As we look back on 2016, there is little argument that this year’s election will go down in history as a collective call for change of some kind.

The danger is in allowing politicians to twist that desire for change toward their own political, ideological and financial ends.

Diane E. Brown

The political agenda recently announced by leadership of the U.S. House of Representatives Financial Services Committee, which Arizona Representatives David Schweikert, a republican, and Kyrsten Sinema, a democrat both sit on, is a classic case in point.

The leader of that panel has declared as priorities both dismantling the Consumer Financial Protection Bureau and blocking a nearly complete rule from the CFPB that is designed to rein in the worst abuses of payday lenders.

The agenda of dismantling the Dodd-Frank Wall Street Reform and Consumer Protection Act is not likely to be popular – let alone wise.

Indeed, quite the opposite.

The CFPB was created by Congress after the economic collapse to serve as a watchdog for consumers and reduce the risk of another collapse.
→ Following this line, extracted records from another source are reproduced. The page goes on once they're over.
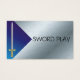 Carte Métallique Bleu et Argent et Epée Médiévale avec modèle de carte de visite dégradé bleu. Les bijoux royaux et l'épée d'or conviennent à un roi. Personnalisable, police, couleurs arrière - plans et plus encore en ligne.
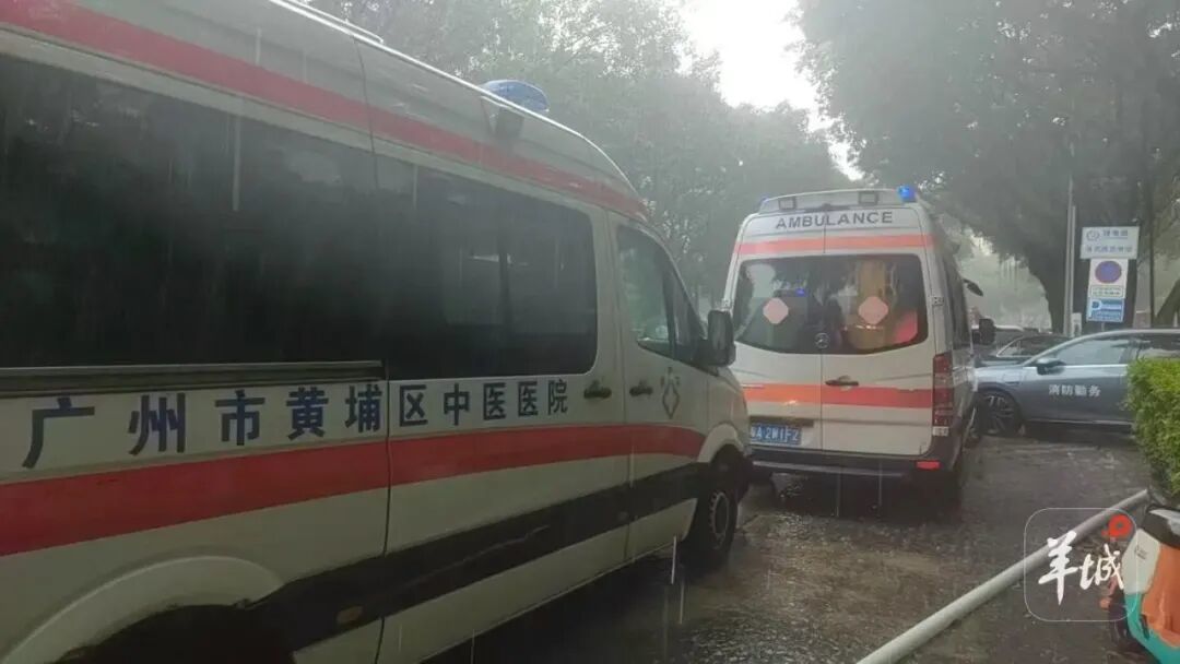 现场陆续有7辆消防车到场救援,2辆救护车已抵达。
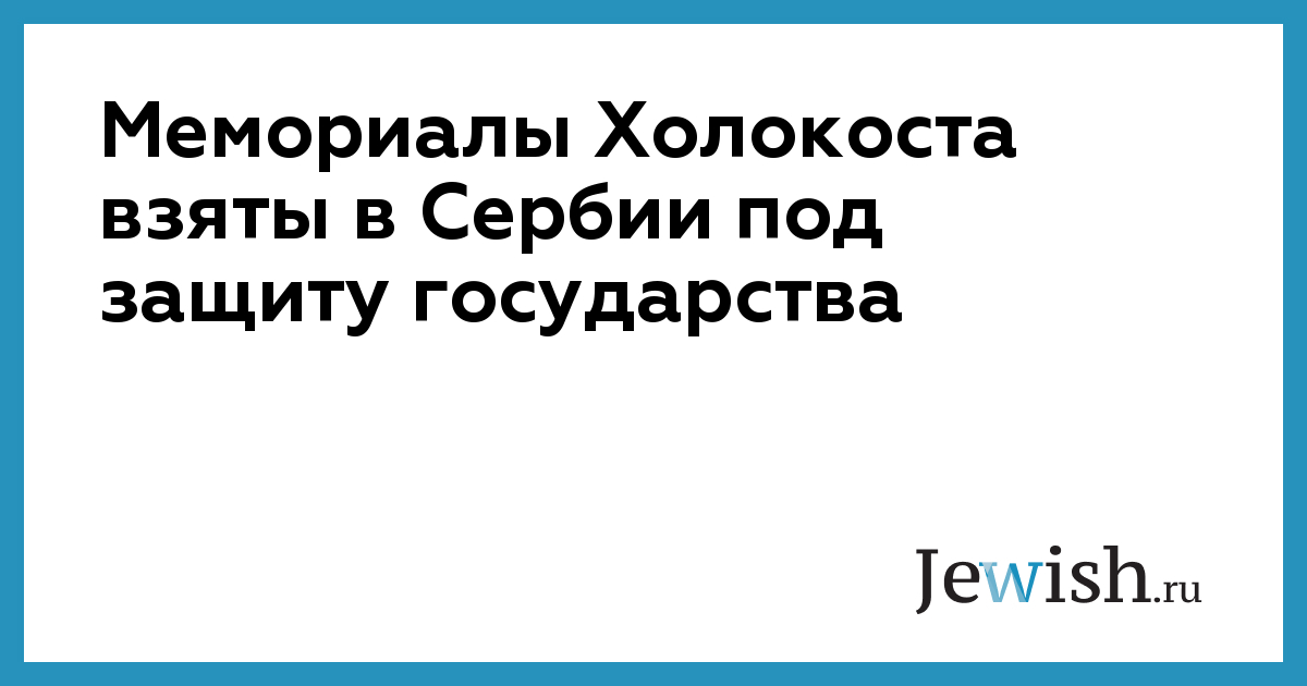 Мемориалы Холокоста взяты в Сербии под защиту государства
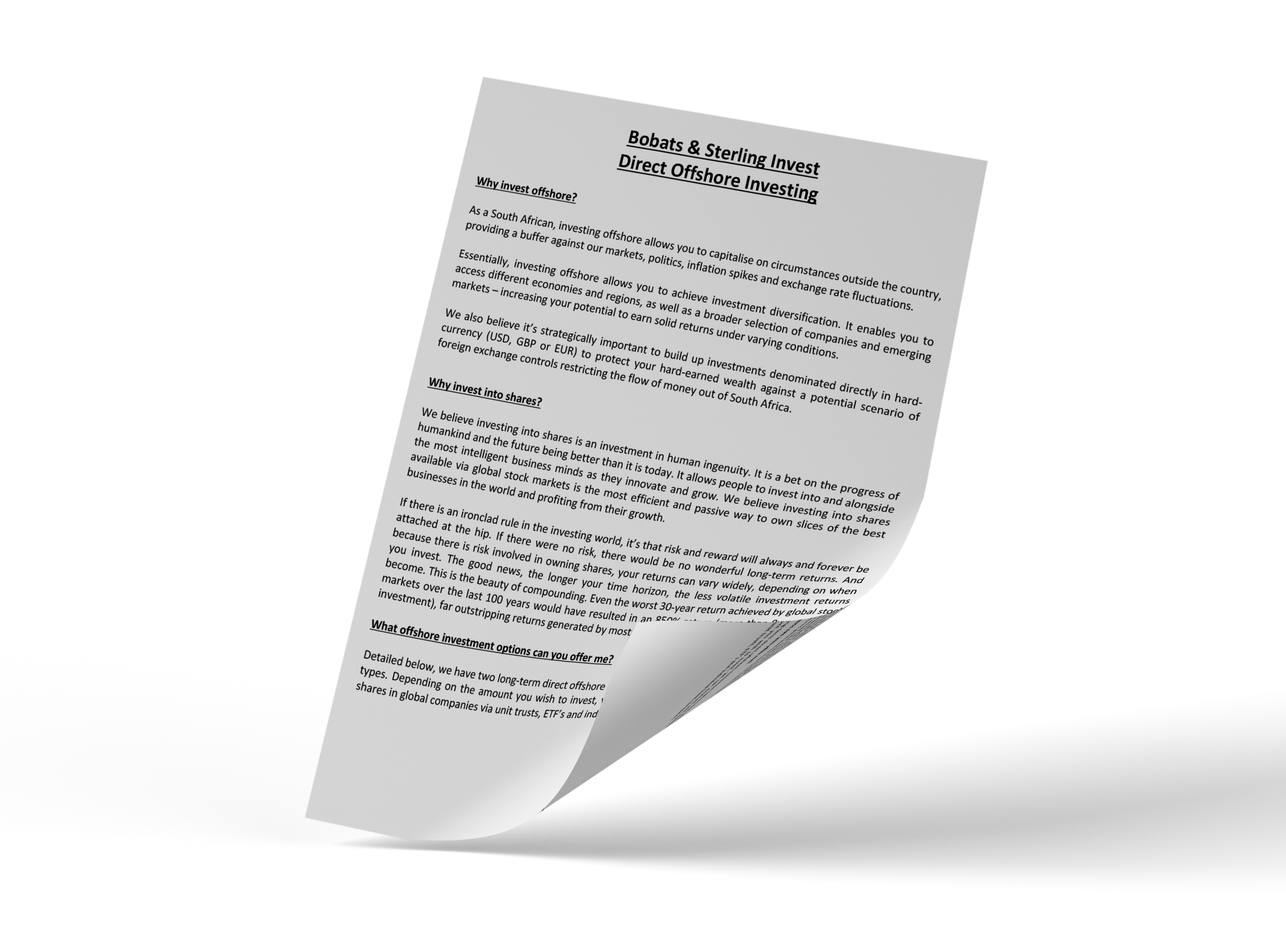 We go through these options together so you can make an informed decision about the solution that you can earnestly buy into for the long-term. This becomes your Bobats Wealth Blueprint ®
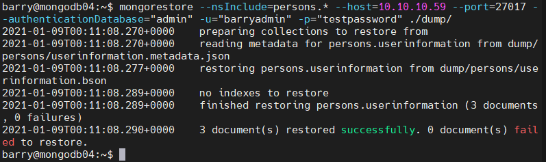 mongorestore --host=10.10.10.59 --port=27017 --authenticationDatabase="admin" -u="barryadmin" -p="testpassword" ./dump/
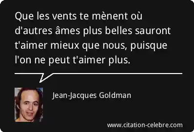 Que les vents te mènent où d'autres âmes plus belles sauront t'aimer mieux que nous, puisque l'on ne peut t'aimer plus.
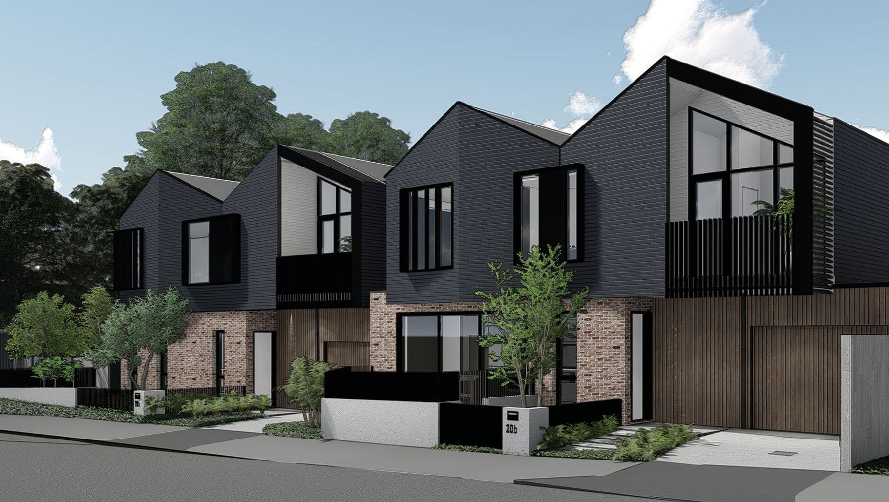 ArchiPro Project Summary - Contemporary Brunswick Townhouses featuring striking architecture and flexible living spaces on a compact 350m2 site.
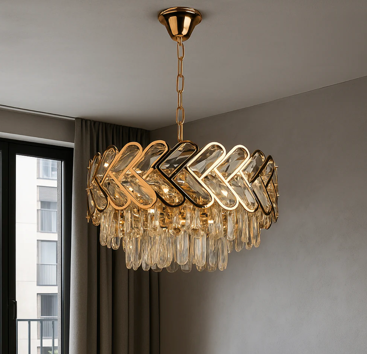 Candelabru Cristal Muke 5xE27, Diametru 40cm, Auriu, Inaltime Reglabila
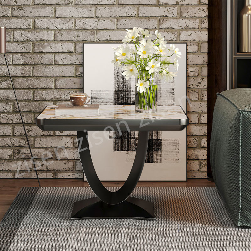 2.セラミックマーブル挿入:サイドテーブルにはセラミックマーブル挿入が展示されており,それは,大理石の自然な美しさと陶器の耐久性と汎用性を組み合わせています.陶器製の大理石の挿入物には 複雑な静脈パターンがありますテーブルに視覚的な興味と優雅さを加える滑らかな表面です陶器 と 大理石 の 融合 で,耐久 し て 維持 に 費やす 材料 が 生み出さ れ,自然 の 大理石 の 華麗 な 外観 と 質感 を 維持 し ます.
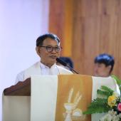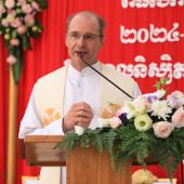 ពីមុនមានទស្សនៈវិជ្ជាកុម្មុយនិស្ត ឬក៏ម៉ាកឡេនីន ដែលធ្វើឲ្យប្រទេសខ្មែរពិបាកមែនទែន បច្ចុប្បន្ននេះមានសេរីភាព។ ប៉ុន្តែ! មានឧបសគ្គថ្មីដូចជាសម្ភារៈនិយមដែលធ្វើឲ្យយើងស្រឡាញ់ទ្រព្យសម្បត្តិកាន់តែច្រើន ហើយបំភ្លេចព្រះអង្គបន្តិចម្ដងៗ ដូច្នេះខ្ញុំសូមសួរបងប្អូនតើប្រទេសខ្មែរនឹងរក្សាជំនឿឬអត់? ខ្ញុំជឿថាក្តីសង្ឈឹមខ្ញុំ ហើយនិងបងប្អូនទាំងអស់គ្នាក៏មិនសូវខុសគ្នាដែរ សេចក្ដីសង្ឃឹមរបស់យើងគឺចង់ឲ្យប្រទេសខ្មែររក្សាបាននូវជំនឿ ជំនឿនៅប្រទេសខ្មែរនឹង រីកចម្រើន។ បងប្អូនកាន់តែច្រើននឹងស្គាល់សេចក្ដីស្រឡាញ់របស់ព្រះជាម្ចាស់! បងប្អូនកាន់តែច្រើននឹងមានបាបធ្ងន់ ឬនឹងទទួលធម៌មេត្តាករុណារបស់ព្រះជាម្ចាស់ ហើយពួកគាត់ក្លាយទៅជាសាក្សីនៃធម៌មេត្តាករុណារបស់ព្រះអង្គដែលជួយសង្គ្រោះយើង។
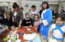 Сегодня в нашем Центре царило необычное оживление. Дети и взрослые с самого утра участвовали в каникулярных тематических мероприятиях, организованных для всех желающих. Выглянувшее, наконец, солнце осветило зимний сад, где были выставлены произведения диковинного ещё для наших мест искусства Бонсай: переплетенные стволы фикусов, изящно оформленные кроны китайской розы, мини ландшафты из лесного мха и речных булыжников.
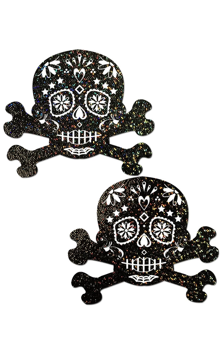 Black Glitter Candy Skull & Crossbones Nipple Pasties by Pastease® areĀ hand-made in the USA of soft form-fitting glittery material Ā thatĀ forms seamlessly to curves and resists wrinkling over hardening nipples.Ā Ā
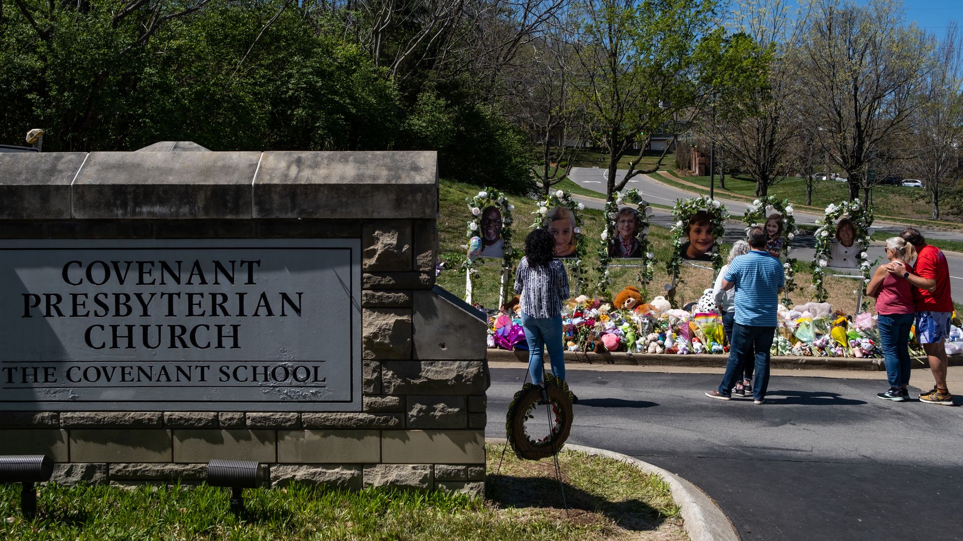 People visit a makeshift memorial at The Covenant School in April. Photo: Seth Herald/Getty Images
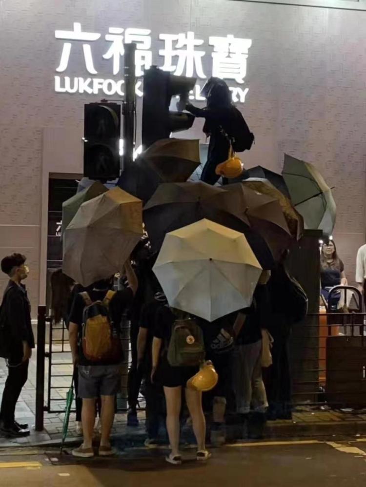 游行结束后,示威者甚至还非法聚集在尖沙咀警署外。环球时报—环球网记者看到,身着黑衣戴着头盔面罩的示威者向警署扔木棍、铁枝等杂物,另有网络视频显示,示威者用强力弹弓发射砖块。之后示威者又将警署外涂黑,并用激光照射,甚至还有人在警署外纵火。
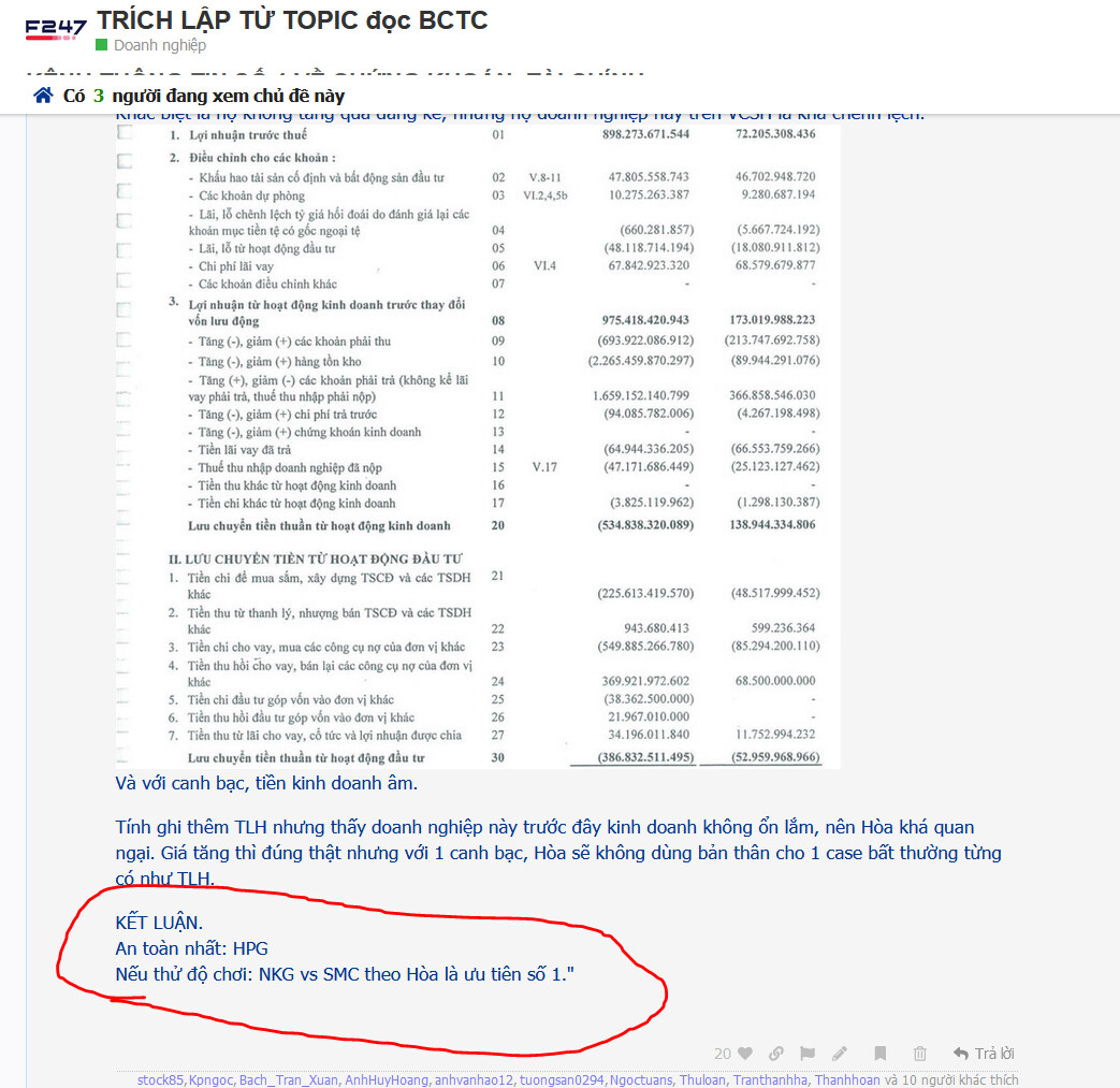 Về cơ bản thì bảng dòng tiền sẽ có biến động ở cả NKG vs HSG.
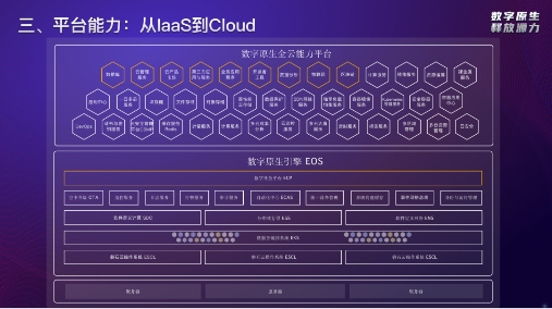 平台能力:从IaaS到Cloud。 不仅具备IaaS能力,也通过数字开放平台应用框架和开源生态产品化战略使得数字原生基础设施具备全云能力就绪,实现从IaaS到Cloud能力的全面覆盖。
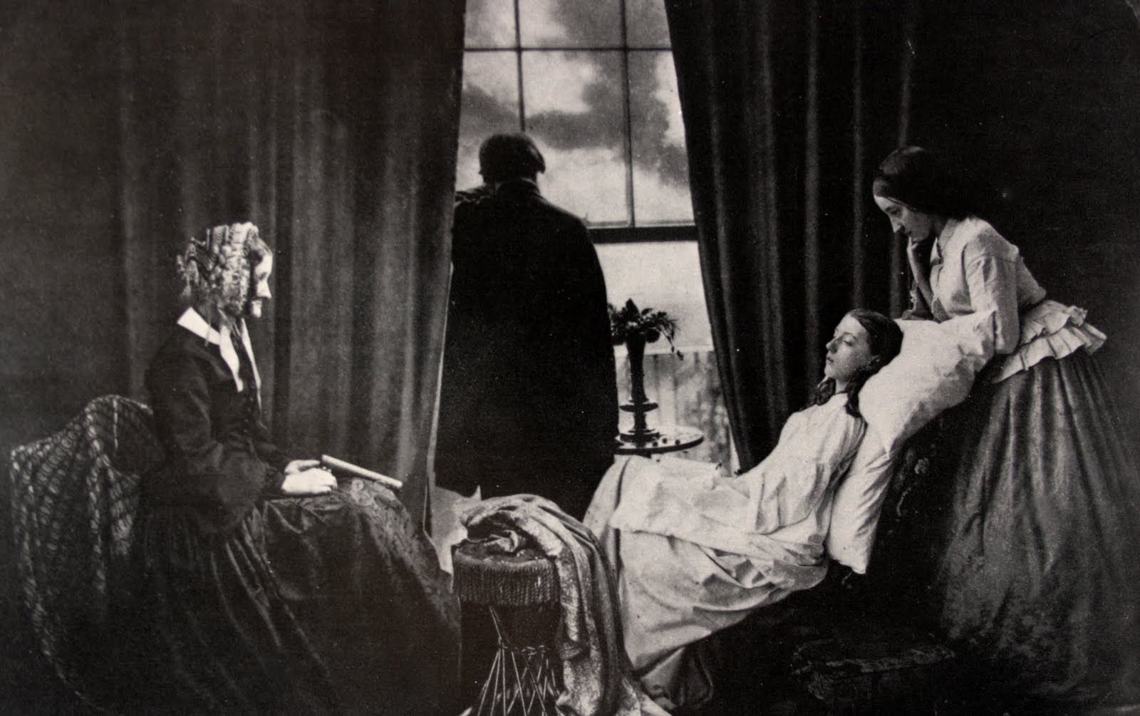 El otro fotomontaje, del mismo año 1857 o 1858, es de Henry Peach Robinson, una foto con 5 negativos diferentes que se acoplan la perfección. La foto se llama “Los últimos instantes”, mediante la técnica del el colodión húmedo, en la que se ve a una mujer a punto de morir en plena juventud ante la impotencia de su familia allí presente.
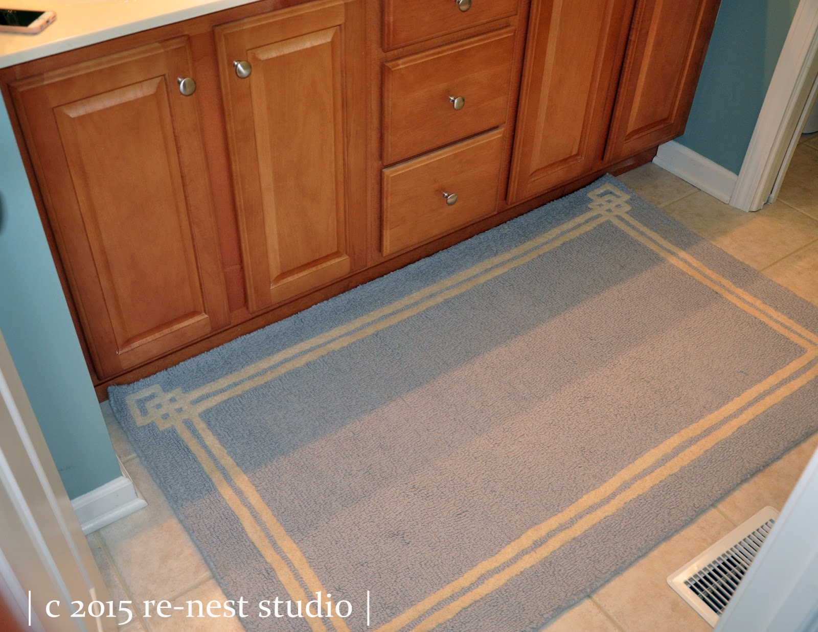 i was walking through the bathroom, after hanging up my adorable new whale string art, and the color of that adorable little whale struck me. and then i remembered that rug. and then i unearthed it from it’s plastic bag, and wouldn’t you know it…it fits perfectly in the bathroom. no joke! something i was going to part with now has a new, lovely place in our nest!
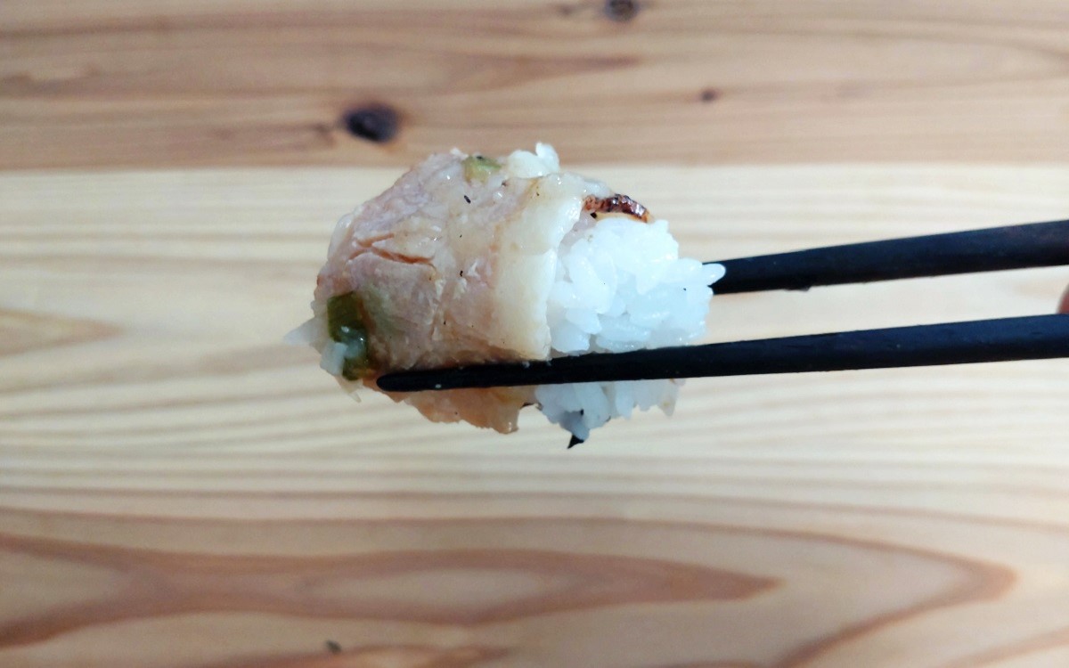次にねぎ塩味の方を食べてみましょう。ひとくち食べるとニンニクのパンチとネギのさっぱり感、ごま油のコクが口の中に広がりました。ちなみに醤油ダレは豚ロース肉ですが、ねぎ塩ダレは豚バラ肉。豚バラ肉の脂っぽさをねぎ塩のさっぱり感が上手く中和してくれているわけです。

The fact is people like the CFPB, according to all available public opinion polling, and for good reason.

Since its inception, the CFPB’s successes for consumers include the following:

  • The CFPB has already returned nearly $12 billion to over 27 million consumers who had been victims of one predatory scam or another.
  • Among the CFPB’s numerous actions is a record $100 million penalty and consumer restitution against Wells Fargo for millions of fake, fraudulent consumer accounts created by its employees to meet sales goals.
  • The CFPB’s website hosts a complaint database that has processed over one million complaints, and the website provides educational resources to help consumers make important financial decisions.

Yet, despite public support and a strong track record, Wall Street banks, financial companies and their cronies in Congress are calling for change to the CFPB’s configuration – a thinly veiled attempt to gut its power.

Financial services industries have supported legislation that would change the CFPB’s leadership structure and oversight authority opening it up to gridlock or corruption and that would starve the agency by changing its funding source.

Repealing or dramatically altering a law that protects average Americans against the excesses of a financial industry run amok is likely to strike many voters as the ultimate example of a rigged system.

As we head into 2017, we urge members of Arizona’s Congressional delegation, starting with U.S. House of Representatives David Schweikert and Kyrsten Sinema as members of the Financial Services Committee, to side with Arizona consumers and keep the CFPB intact.

Editor’s Note: Diane E. Brown is the executive director of the Arizona Public Interest Research Group.